Añadir casi cien mil desempleados a las estadísticas en los últimos tres meses no puede dejar de preocupar al Gabinete de Zapatero. No sólo es el drama personal lo que debe de llamar nuestra atención, sino las consecuencias colectivas del asunto, entre las que no es desdeñable el hecho de toda la fuerza de trabajo desperdiciada. Pese a todo, una reflexión pausada sobre los resultados de nuestro mercado laboral no debería conducirnos a una especial alarma; por lo menos hasta el momento. Las tendencias a largo plazo, que son las que verdaderamente importan, son relativamente buenas. La economía española está encarrilada en una larga trayectoria que podría tildarse de brillante y en la que en las dos décadas a partir de mediados de los ochenta la participación laboral ha pasado de un 30% a un 46% de la población total, lo que por mucho crecimiento demográfico que haya habido representa un cambio revolucionario de actitudes entre los españoles, y principalmente entre las españolas. Lo verdaderamente importante es que esa tendencia continúe con independencia del color político del Gobierno; se trata ir facilitando poco a poco el cambio, y en fijarse más en las reformas flexibilizadotas y duraderas, antes que en las variaciones a corto plazo de las series. En este sentido, no es de gran ayuda la inacción del Ejecutivo socialista y su empeño en el consenso ante la reforma laboral empantanada y tampoco lo es el énfasis sobre el salario mínimo interprofesional y la querencia que tienen muchos políticos a presumir de generosidad con su elevación. A pesar de afectar a un número reducido de trabajadores, el salario mínimo daña a ese grupo al desplazarlo por otro tipo de «vendedores» de trabajo y tiene, además, efectos negativos en cascada sobre el resto de los mercados laborales. Lo mismo ocurre con las subidas salariales que se proponen ahora en muchos sectores vinculadas a los cambios del IPC, en vez de a los cambios en la productividad y que pueden poner en marcha espirales inflacionistas destructoras de empleo.
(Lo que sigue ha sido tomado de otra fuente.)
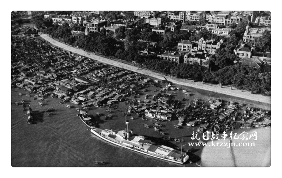 1938年11月,广州沙面租界俯瞰,江面上为英军的炮舰。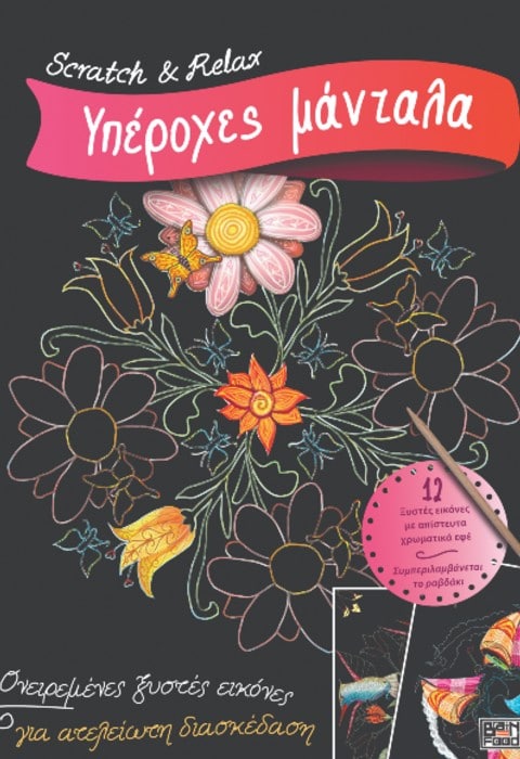 Ονειρεμένες ξυστές εικόνες για ατελείωτη διασκέδαση 12 ξυστές εικόνες με απίστευτα χρωματικά εφέ. Συμπεριλαμβάνεται το ραβδάκι Με αποσπώμενες εικόνες! Χρωματικές αρμονίες με μάνταλα! Χρησιμοποιήστε το ραβδάκι που περιλαμβάνεται στην έκδοση για να φτιάξετε τη δική σας ξεχωριστή μάνταλα. Ανακαλύψτε λαμπερά πολύχρωμα μοτίβα με απίθανους χρωματικούς συνδυασμούς, κρυμμένα κάτω από τη μαύρη επίστρωση. Δημιουργήστε μάνταλα με ασυνήθιστα χρωματικά εφέ! Έχετε τις επιλογές: • Να αποκαλύψετε όλες τις επιφάνειες και τα χρώματα. • Να επιλέξετε μονάχα κάποιες λεπτομέρειες που θέλετε να αναδείξετε. • Να γίνετε δημιουργικοί, τοποθετώντας δικά σας σχήματα, γραμμές και σημεία στην εικόνα. Διασκεδάστε δημιουργικά με 12 συναρπαστικές και ξεχωριστές μάνταλα!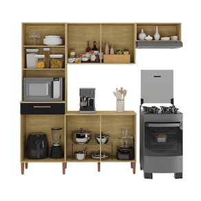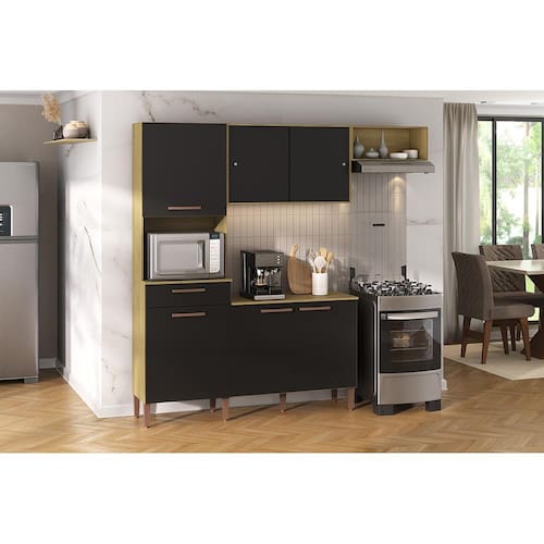 Composta por 5 portas e 1 gaveta, esta cozinha oferece espaço otimizado para organizar utensílios, mantimentos e demais itens essenciais do dia a dia.Fabricada em MDP de 12mm, apresenta alta resistência e durabilidade, suportando até 20kg por prateleira, garantindo segurança no uso diário.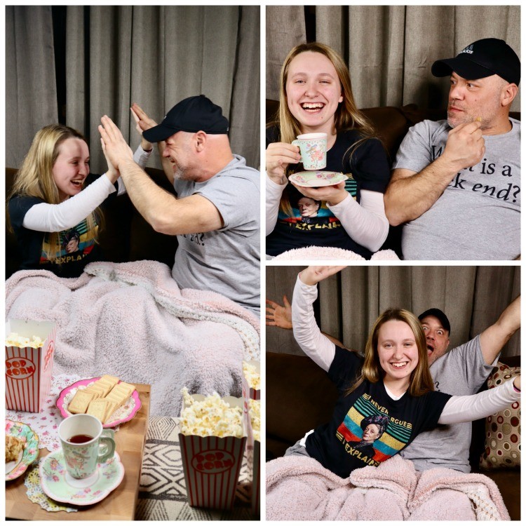 It was lots of fu….simple as we had family that was coming but they had an emergency and did not make it so we had fun goofing and watching 🙂 Great movie too and love the show 🙂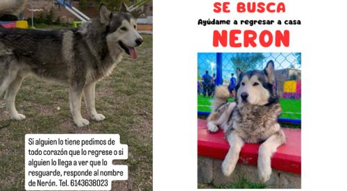 Su dueña, Camila Villagran, pone a disposición de la comunidad el teléfono 614-363-8023 para que se comuniquen con ella en caso de encontrar aNerón.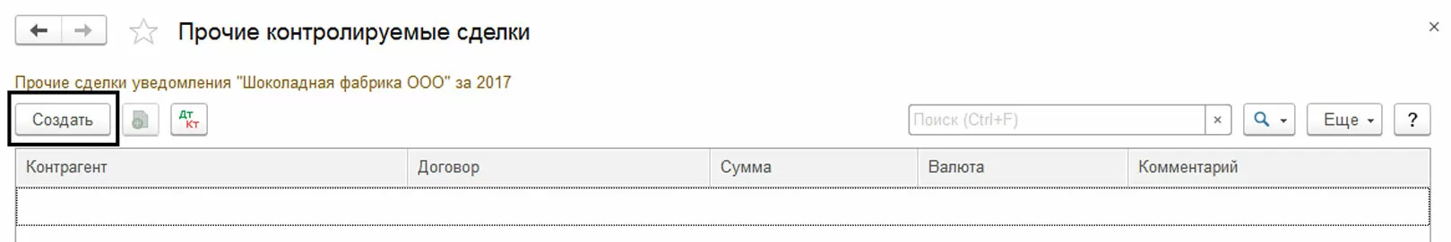 Если имели место какие-либо еще сделки, удовлетворяющие критериям подконтрольных, их нужно внести в список через раздел «Прочих». Создаем и заполняем документ, который предназначен для регистрации произвольных подконтрольных сделок, которые не зарегистрированы автоматом в базе, например, при отражении вручную документом «Операции (бухгалтерский и налоговый учет)».

La tarea del Ejecutivo actual no es desde luego fácil: debe mantener el campo de juego libre de obstáculos; definir reglas claras, neutrales e iguales para todos; contratar buenos árbitros y, lo más complicado, dejar actuar a los protagonistas sin intervenir en el juego. Y no hay otra manera para que el capital macroeconómico alcanzado a lo largo de la última década no se dilapide absurdamente.